Rather than attacking viruses directly, a second category of tactics for fighting viruses involves encouraging the body's immune system to attack them. Some antivirals of this sort do not focus on a specific pathogen, instead stimulating the immune system to attack a range of pathogens.

One of the best-known of this class of drugs are interferons, which inhibit viral synthesis in infected cells. One form of human interferon named "interferon alpha" is well-established as part of the standard treatment for hepatitis B and C, and other interferons are also being investigated as treatments for various diseases.

A more specific approach is to synthesize antibodies, protein molecules that can bind to a pathogen and mark it for attack by other elements of the immune system. Once researchers identify a particular target on the pathogen, they can synthesize quantities of identical "monoclonal" antibodies to link up that target. A monoclonal drug is now being sold to help fight respiratory syncytial virus in babies, and antibodies purified from infected individuals are also used as a treatment for hepatitis B.

=== Classification of antivirals based on target ===
Classifying antivirals based on their target of action, the protein or process that they interact with, serves to create two broad categories of antivirals: direct-acting antivirals (DAAs) and host-targeting antivirals (HTAs).

==== Direct-acting antivirals ====
The term direct-acting antiviral (DAA) was first coined to describe anti-hepatitis C drugs that directly targeted viral processes. Prior antiviral regimens were designed to supplement the immune system's ability to fight infection as a whole. In comparison, DAAs directly disrupt hepatitis C virus entry and replication processes by interfering with viral proteins.

Prior to the discovery of DAAs, hepatitis C was treated with a combination of interferon and ribavirin which increase expression of genes involved in the antiviral immune response. DAAs drastically improved treatment outcomes by increasing safety and efficacy through increased specificity, resulting in increased sustained virological response (SVR) rates. SVR is achieved when hepatitis C virus RNA remains undetectable 12–24 weeks after treatment ends. Once SVR is achieved, treatment is considered a success. Combination therapy of interferon and ribavirin has a SVR rate of approximately 65%. In contrast, SVR rates in clinical trials for numerous DAAs can be as high as 95%.

The DAA drugs against hepatitis C are taken orally, as tablets, for 8 to 12 weeks and the antiviral prescribed depends on the strain (genotypes) of hepatitis C virus that are causing the infection. Both during and at the end of treatment, blood tests are used to monitor the effectiveness of the treatment and subsequent cure.

The DAA commonly used combination drugs used to treat hepatitis C viral infections include:
- Harvoni (sofosbuvir and ledipasvir)
- Epclusa (sofosbuvir and velpatasvir)
- Vosevi (sofosbuvir, velpatasvir, and voxilaprevir)
- Zepatier (elbasvir and grazoprevir)
- Mavyret (glecaprevir and pibrentasvir)

Despite its historical roots in hepatitis C research, the term "direct-acting antivirals" is currently used more broadly to describe all antiviral drugs with a viral protein as a target of action. Commonly used FDA-approved direct-acting antivirals include aciclovir which is used to treat herpes simplex virus, and letermovir which is used to treat cytomegalovirus. Aciclovir functions by competitively inhibiting viral DNA polymerase as well as inserting itself into the viral DNA chain terminating viral replication. Letermovir inhibits the viral DNA terminase complex that is responsible for cleaving viral DNA to be packaged into capsids. Both of these drugs bind to a specific viral protein, inhibiting the viral life cycle.
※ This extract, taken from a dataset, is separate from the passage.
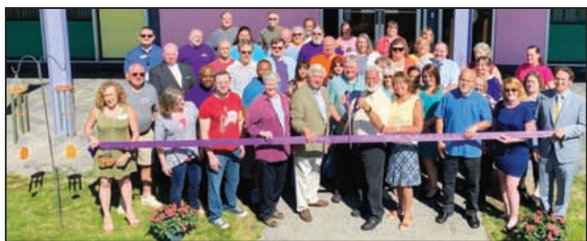
167 Dubois Road, Shokan, NY www.chimes.com
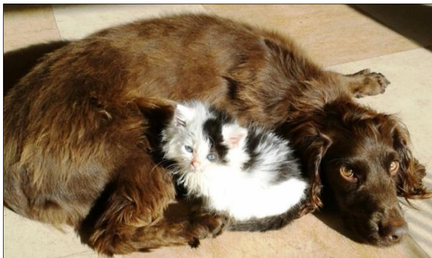
Surrogate mum Scout with Tommy, 'Chelford mini-kit' see story page 6

Of the animals profiled in the last edition (available on the website www.windyway.org ) only three have been rehomed; Coco, who got his wish to live in the country as an only cat, and Connie and Raisin our FeLV cats who were rehomed together. All are very happy in their new homes. Just one pair of rabbits has been rehomed since the summer and we still have five pairs waiting here as well as Suzie and Arnie the dogs who were featured. So many of our dogs (and cats) are getting on in years and too many people are put off by age. It is sad for us to be caring for these animals in kennels—no matter how cosy and comfortable we make them it cannot compare with living out their retirement years in the luxury of individual caring homes. If you have the emotional strength to give an oldie some 'one to one' love and affection in their final months or years then please do think about it and maybe pay us a visit.

DAAs have revolutionized treatment outcomes for hepatitis C and many other viral infections by improving treatment efficacy and reducing side effect profiles. However, a problem with DAAs is their low genetic barrier, the number of genetic mutations a virus needs to accumulate to develop resistance to the drug. RNA viruses have a uniquely unstable genome due to undergoing rapid replication with poor replication fidelity due to the absence of DNA polymerase proofreading capabilities. Since many DAAs target a single protein, one mutation is often enough to make a viral strain resistant to a DAA. For example, a single nucleotide substitution in the reverse transcriptase of HIV-1 severely reduces the efficiency of emtricitabine, a nucleoside reverse transcriptase inhibitor commonly used to suppress HIV-1 infection.

==== Host-targeting antivirals ====
Unlike DAAs that target viral proteins, host targeting antivirals (HTAs) inhibit host proteins involved in viral infection and replication. Many viruses utilize common processes to enter host cells and create viral replicates. Because HTAs target processes that are commonly conserved by multiple viral strains, HTAs have the potential to be used as broad spectrum antivirals (BSAs) with activity against multiple viral infections. Processes that are common targets of HTAs include viral entry into the host cell, viral replication, nuclear import and export, and viral release from the host cell.

HTAs are attractive to physicians because they have a higher genetic barrier to resistance than DAAs. Host genomes are generally more stable than viral genomes (particularly RNA viruses that are known for their high genetic instability and rapid mutation rate) due to the presence of DNA polymerase proofreading capabilities that corrects point mutations in genetic replication. Taken together, the genetic barrier of HTAs and stability of host cell genomes increase the amount of time it takes for resistance to develop to HTAs.

Commonly used FDA-approved HTAs include maraviroc, and interferon. Maraviroc binds to the CCR5 receptor on the surface of host cells. The CCR5 receptor is internalized, and HIV is unable to bind to it, thus inhibiting HIV entry into host macrophages and T-cells. Interferon enhances the immune response by increasing the expression of genes involved in the antiviral immune response through activation of interferon receptors on the surface of the cell.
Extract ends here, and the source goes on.